Toy-factory workers stage rare strike in southern China
Hundreds of workers at a toy factory in Shenzhen went on strike to protest long hours, but the government intervened to settle the grievance and work was set to resume. The work stoppage at the Korean-invested factory was due to a "misunderstanding between the workers and management," said the director of the plant. The apparent peaceful resolution was a marked contrast to much of the scattered labor protests that have ended in violence by both demonstrators and authorities. (Dow Jones, 13 November)

Markets

A tiny leap forward
From December 1st, some foreign investors may be allowed to invest in the Chinese (A-share) stockmarket. The new scheme ("QFII": qualified foreign institutional investor) is an import from Taiwan. To apply for the special yuan accounts, foreign investors must have at least USD 10 billion in assets under management. Banks must be "in the top 100" globally, and the QFII may buy at most 10% of any Chinese company listed on yuan-denominated stockmarkets. Repatriation will be a nightmare. The barriers are only one reason why international fund managers are not exactly fighting for applications. The other is the peculiar nature of China's market. Only 35% of this capitalisation (about USD 540 billion comprising 1'212 companies) is tradable, since the state-the owner of virtually all listed companies-sits on the rest. Corporate governance is widely acknowledged to be atrocious. And valuations are probably overdone, with an average price/earnings ratio of 40, compared with about 12 for mainland companies listed in Hong Kong. (Economist, 14 November)
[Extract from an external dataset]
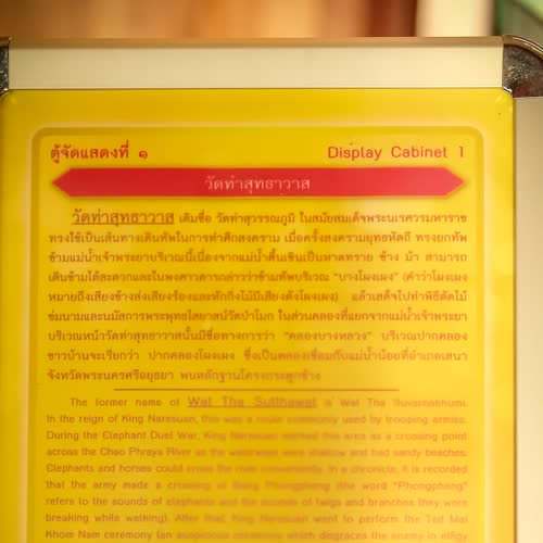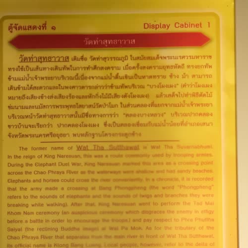 | คำอธิบาย : ป้ายบอกประวัติวัดท่าสุทธาวาสในพิพิธภัณฑ์ศูนย์ตุ๊กตาชาววังบ้านบางเสด็จ |

Weekly Market update  15 November 2002  01 November 2002
Shanghai A 1529.63 1574.92
Shanghai B 123.78 129.69
Shenzhen A 442.93 464.34
Shenzhen B 190.44 200.10
Hong Kong Red Chip  1075.26 1010.71
Hong Kong H 1887.10 1830.95
Source: South China Morning Post

China Business Briefing is a random selection of business related news gathered from various media and news services covering China, edited by the Embassy of Switzerland in Beijing and distributed among Swiss Government Offices and other interested parties. The Embassy does not accept responsibility for accuracy of quotes or truthfulness of content. Upon request and depending on the resources available, the Embassy will provide further information on the subjects mentioned in the China Business Briefing.